Борис Путилов - Сокрушение Лехи Быкова
Наконец, он отвернулся от меня и тоже шагнул к крыльцу.
— Ладно вам шуметь-то, — сказал. — Ну, унес я книжку домой, дал почитать одному человеку. Завтра заберу и притащу вам вашу «Шкуру», гад буду.
— Чо ты мелешь, последыш? — взвыл старик Шакалов, поднимая руки к небу, но тут же кидая их обратно вниз, чтоб подхватить падающие кальсоны. — Срам на всю фамилью! — крикнул он, исчезая в скрипучем нутре дома.
А старушка расцвела от счастья.
— Так бы сразу и говорил! — радостно затараторила она. — А то — я не я и подпись не моя! Завтра принесешь — из библиотеки мы тебя, конечно, исключим, такое правило. Но никуда сообщать не будем. А не вернешь, я снова приду. И не одна! — погрозила старушка…
Ленька снова сел на завалинку.
— Выходит, нету уже той книги? — спросил он.
— Я же тебе начал говорить, да ты не слушал. — И я рассказал всю эту позорную историю. Как на духу. — Прости меня, царь Леонид. — Но Ленька вряд ли оценил мою похвалу: историю Древней Греции он знал так же, как все другие истории. — Спасибо тебе. А про колонию этот божий одуванчик все врет, за одну книжку туда не посадят!
Ленька молчал, ковырял когтистым пальцем пыль завалинки. Потом сказал глухо:
— Знаешь чо, Денис, топай-ка ты отседа со своим мылом. Не надо мне от тебя ничего… Ох, тошно мне!
И его вдруг начало рвать. Тонкой зеленой струей. Видно, обессиленный голодом желудок не принял грубых «калачиков», или — что хуже — его мозг, душа его не смогли переварить моего подлого предательства, и его рвало от отвращения ко мне…
Наконец, он стер пучком травы зеленые пузыри с губ, сказал:
— Жалко «калачиков»-то, последние… А ты, Денис, уходи, ослободи двор…

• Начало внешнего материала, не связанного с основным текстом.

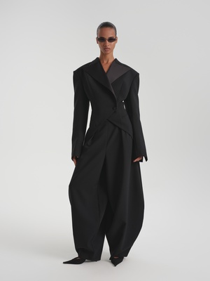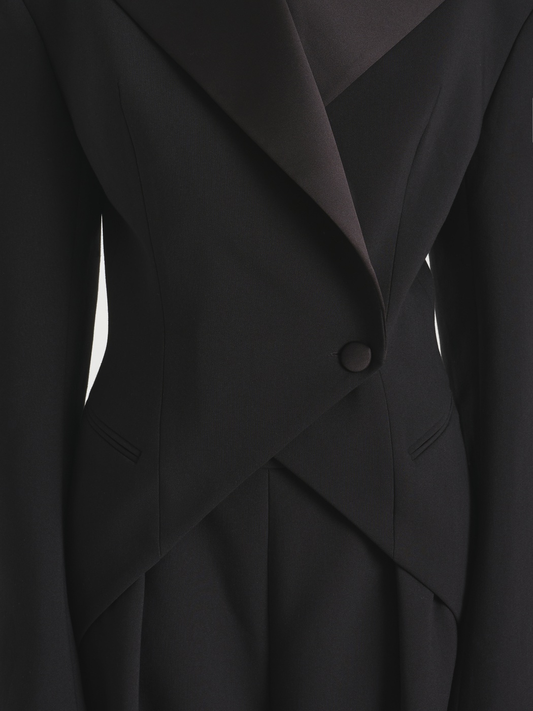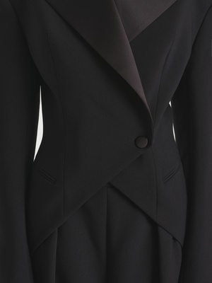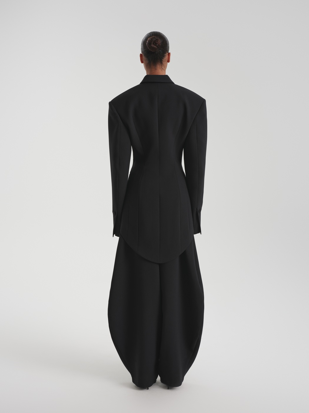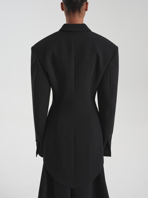 Черный жакет-фрак — это строгость, переписанная в современном ключе. Умеренный объем, приталенный силуэт и удлиненная спинка отсылают к классическому фраку. Расширенные плечи и длинные рукава подчеркивают форму, не перегружая образ. Отложной воротник с крупными лацканами и двубортная застежка — детали, выстроенные по канонам. Длина ниже бедер позволяет носить жакет как с брюками, так и с платьями.

Но Ленькиной гордости и стойкости хватило ненадолго. Голод не тетка. Когда через час, путем простого обмена «товар-товар», я махнул на рынке свое мыло на полбулки пеклеванного хлеба и снова явился к нему, он тот хлеб принял. Ленька ел, глотая большими кусками и запивая каждый глоток сырой колодезной водой, а я глядел на него, и не прежняя жалость, но настоящее преклонение переполняло меня.
Вот когда я впервые понял, еще, конечно, тоже не умея сформулировать это понимание, как и свою ненависть к лжехерсонцу Жене, понял, что нравственная высота человека вовсе не прямо пропорциональна его школьным отметкам, начитанности, его всезнайству. Бывает и наоборот: чем человек проще, чем ближе к земле, к «калачикам», тем он чище, а образованный гад во сто раз хуже гада-дикаря!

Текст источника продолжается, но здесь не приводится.